We currently cannot see the effect of cache response time per instance when servers get depooled/repooled, etc.
|Open||None||T238085 Depooling single text caching server in esams had a disproportionate performance impact|
|Resolved||Gilles||T238086 Edge cache response time per server should be monitored|
As per irc conversation with @Gilles, we do have frontend servers tagged in navtiming hadoop data. It would be very useful if we could have the information in graphite and add the cache frontends as a dropdown to https://grafana.wikimedia.org/d/000000143/navigation-timing
This is deployed, and I updated the Grafana dashboard.
To nuke the data, we would need to restart Prometheus with --web.enable-admin-api flag and run something like:
curl -X POST -g 'http://127.0.0.1:9090/api/v1/admin/tsdb/delete_series?match=navtiming_responsestar t_by_host_seconds&end=2020-05-12T19:55:14+0000'
How important is it that the old labels are deleted?

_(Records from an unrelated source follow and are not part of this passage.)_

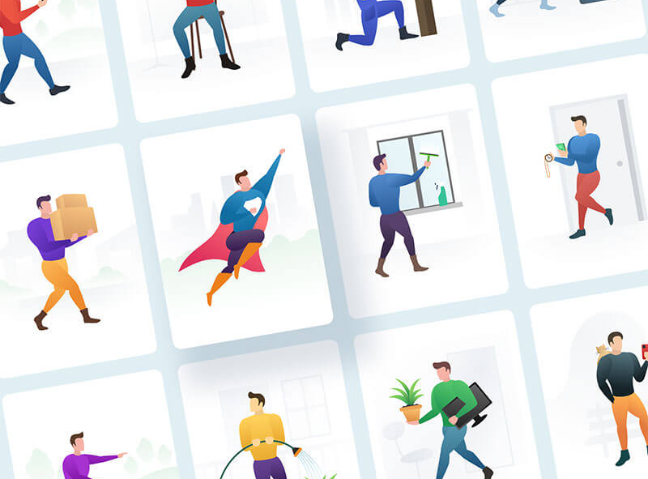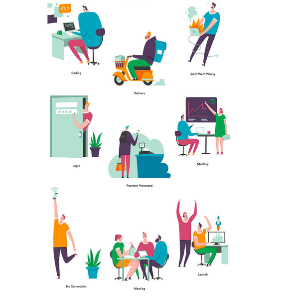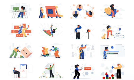 인물을 중심으로 한 다양한 장면 스톡 일러스트 1000여 점이 공개 중.
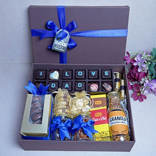 Spoil Dad with our Heartfelt Chocolate Treats Hamper, brimming with an irresistible assortment of gourmet delights. Indulge his sweet tooth with the rich flavors of Oreo, Cranberry, and Orange Crisp Chocolates, each a mouthwatering treat. Delve into the sumptuous Cranberry Truffle, Orange Soft Filled Chocolate, and Heart Shape White Chocolate for a creamy delight. Enjoy the velvety Milk Truffle Chocolate and assorted Chocolate Logs for a decadent experience. Accompanying these delights are ten assorted Cookies, Almond Chocolate Florentines, and Almond Chocolate Rocks for a satisfying crunch. Complete the feast with our Fruit and Nut Chocolate Bar, Oreo Chocolate Bar, and nutritious Almond Cranberry Granola. Treat Dad to a gourmet experience he wont forget.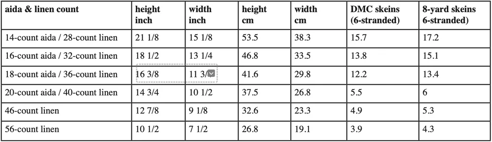 16 count:13.2" × 18.4"/ 33 × 47 cm

If it's just the Grafana variables we're worried about, we can use a regex there (until the old data ages out).
The dashboard was broken such that it would not load even load the settings page. It seemed to hang indefinitely; I left it open in the background an hour or so yesterday, and it was still spinning when I came back. I tried to get around Grafana not rendering the edit button by manually inserting ?editview=settings into the URI, but that hung as well.

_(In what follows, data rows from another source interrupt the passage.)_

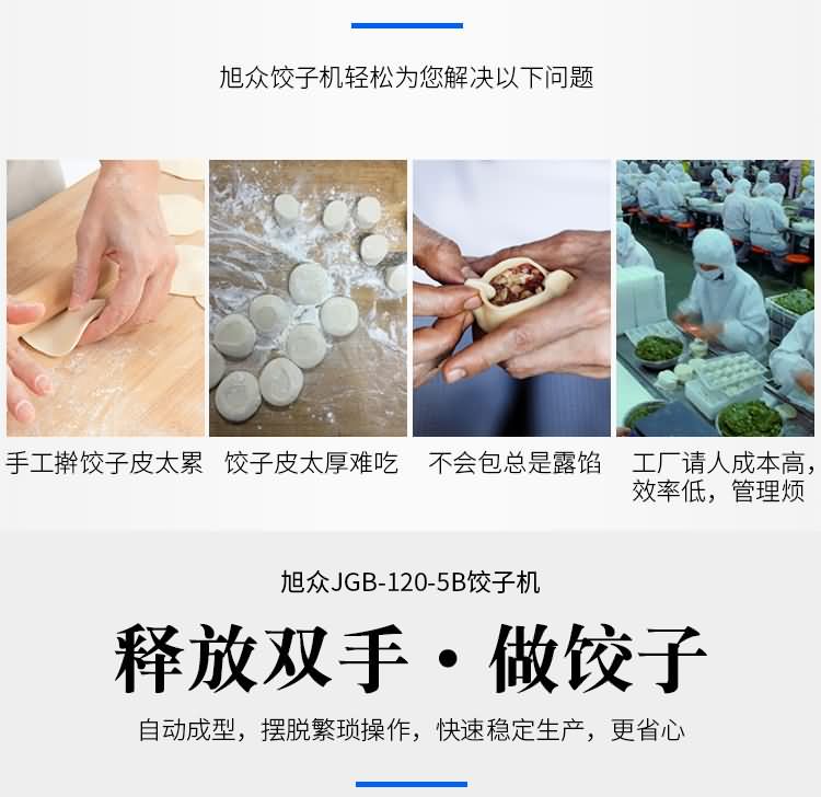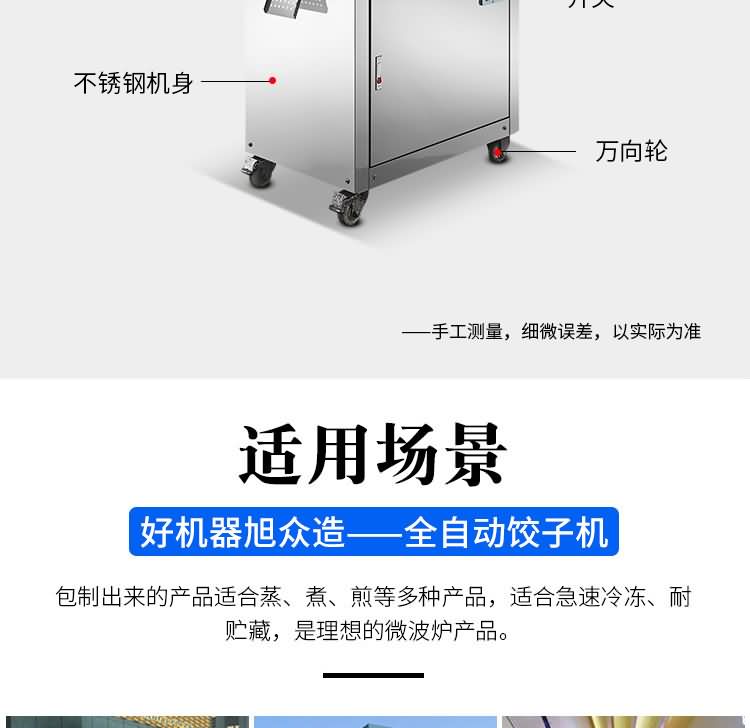 更換機(jī)頭可做春卷、餛飩、火鍋水餃、珍珠水餃、咖喱餃子、花邊餃子、鍋貼餃子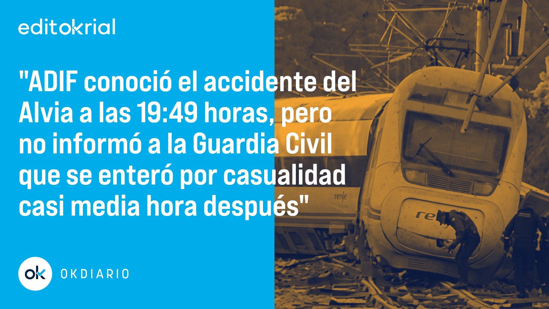 Más allá de que cada día que pasa se afianza la hipótesis de que el mortal accidente ferroviario de Córdoba se debió a un fallo de la vía, hay otro aspecto crucial que merece ser tenido en cuenta: el centro de control de ADIF se pone en contacto con la interventora del Alvia a las 19:49 horas del domingo, que le anuncia que está herida y el tren está accidentado, pero, sin embargo, la Guardia Civil tiene constancia del mismo casi media hora después, cuando es informada, por casualidad, por un pasajero que caminaba a oscuras por los alrededores. La cuestión que sorprende es cómo si ADIF ya conocía el descarrilamiento y el lugar del mismo, los agentes de la Benemérita no estaban al tanto. Dicho de otro modo: había pasado casi media hora desde que el centro de operaciones tuvo constancia del siniestro del Alvia. ¿Es que desde ADIF no avisaron a la Guardia Civil? No es una cuestión baladí, porque se perdió un tiempo precioso, sobre todo teniendo en cuenta que los mayores daños -humanos, sobre todo- los sufrió este tren. Alguien tiene que dar de explicaciones porque podrían haberse salvado vidas si la Guardia Civil hubiera llegado antes.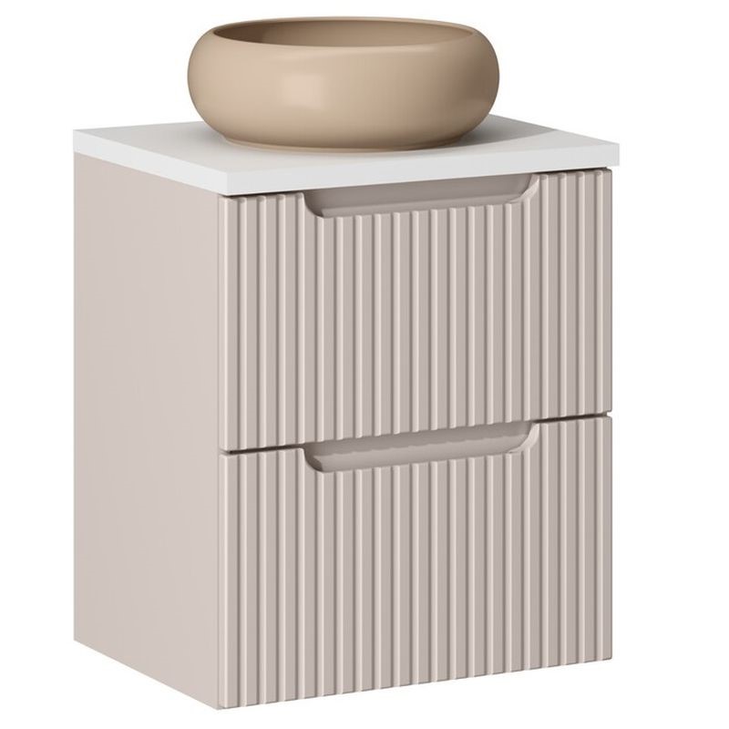 Zestaw meblowy o szerokości 50 cm to idealne rozwiązanie do małych łazienek lub toalet. Składa się z dolnej szafki z blatem oraz eleganckiej umywalki nablatowej Wiki o kompaktowych wymiarach. Szafka pomieści najważniejsze drobiazgi, takie jak kosmetyki, środki czystości czy akcesoria do pielęgnacji. Naturalny wygląd blatu i nowoczesna forma umywalki sprawiają, że całość prezentuje się lekko i estetycznie. Zestaw doskonale łączy funkcjonalność z nowoczesnym stylem, wpisując się w aktualne trendy wnętrzarskie.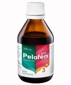 Suplement diety Pelafen Kid w postaci syropu, który zawiera w swoim składzie ekstrakty z kwiatów, oraz soki owocowe.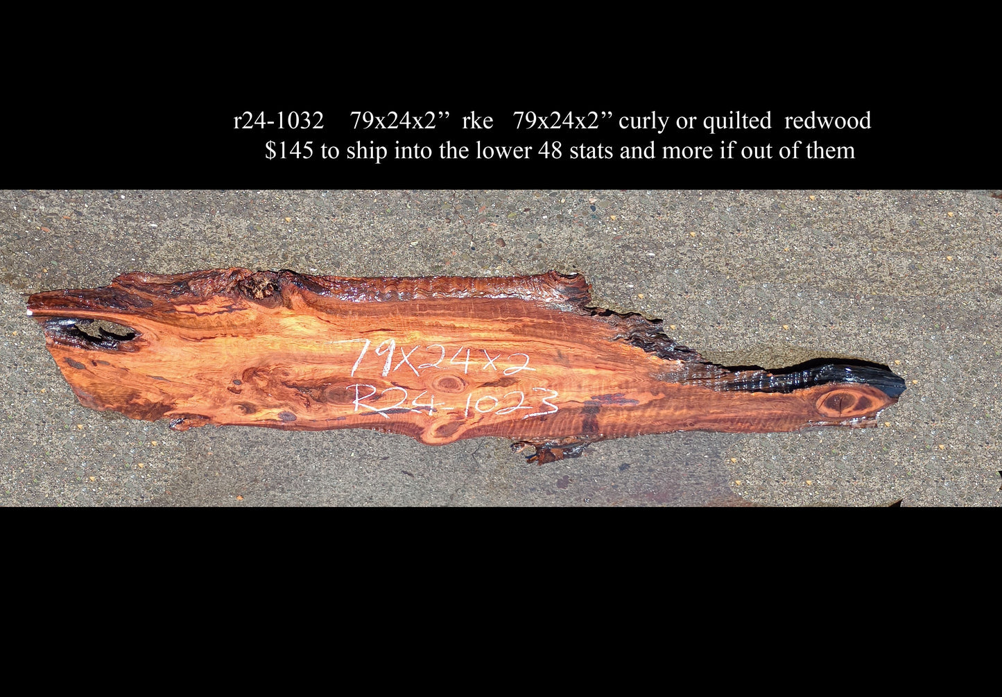 redwood slab R24-1023. Cut to 79x24x2" Let this slab acclimate to your area for about 3 months. Work it, use it, but do not finish until dry. This sale is for 1 unfinished slab, cleaned up and rough sanded. This would make a good table, headboard, bar, etc.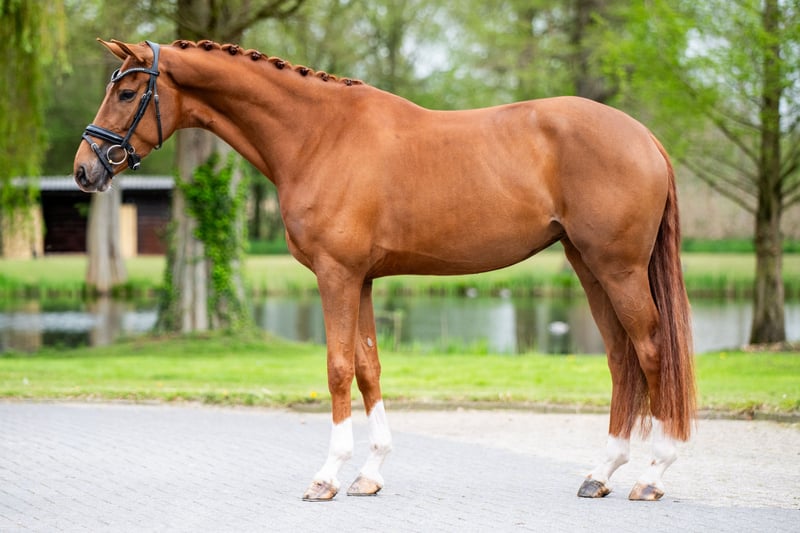 Was für ein süßes Mädchen sie ist, und sie hat auch die passenden Moves! Valar ist seit einigen Monaten unter dem Sattel, sie hat ein wunderbares Wesen und möchte ihrem Reiter wirklich gefallen. Sie ist eine Freude im Stall, und wir sind überzeugt, dass sie viel Talent für die Zukunft besitzt. Daher sucht sie eine erfahrene Reiterin oder einen erfahrenen Reiter, um ihre Ausbildung fortzusetzen 🧡 Bitte kontaktieren Sie mich per WhatsApp: +31641571597 Valar 2022 Stute Vitalis x Secret 1,69 m

I was able to back up a copy of the JSON definition, by going to https://grafana.wikimedia.org/api/dashboards/uid/M7xQ_BeWk, but looking at the contents didn't give me any immediate clues as to why it wouldn't load. Re-importing that JSON as a new dashboard failed silently.

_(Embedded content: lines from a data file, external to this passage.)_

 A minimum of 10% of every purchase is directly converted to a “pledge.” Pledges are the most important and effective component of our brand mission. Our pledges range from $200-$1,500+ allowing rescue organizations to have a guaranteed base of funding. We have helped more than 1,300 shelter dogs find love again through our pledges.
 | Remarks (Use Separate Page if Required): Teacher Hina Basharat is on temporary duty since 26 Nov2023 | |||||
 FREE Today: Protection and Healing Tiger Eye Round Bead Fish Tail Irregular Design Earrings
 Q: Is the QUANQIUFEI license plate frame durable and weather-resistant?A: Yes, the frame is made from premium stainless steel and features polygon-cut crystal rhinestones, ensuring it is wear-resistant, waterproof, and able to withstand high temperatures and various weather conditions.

Recreating the entire dashboard from scratch and then overwriting the old copy seemed to be successful, although I'm sure I missed a few fields. If it's still working in a day or two, I'll clean it up, otherwise consider this an experiment to see if it'll meet the same demise.
Regarding the label pollution, I added a regex to $dc which excludes values containing numerals (and thus hostnames). This fixes the drop-downs from the days the labels were swapped; let me know if you think that's sufficient, or if I should request access/assistance from SRE to be able to delete the old data.
That's because of the switchover, the metric is now coming from the "codfw prometheus/ops" instead of the "eqiad prometheus/ops" source. I'm not how to fix that, it seems like a panel can only have one source.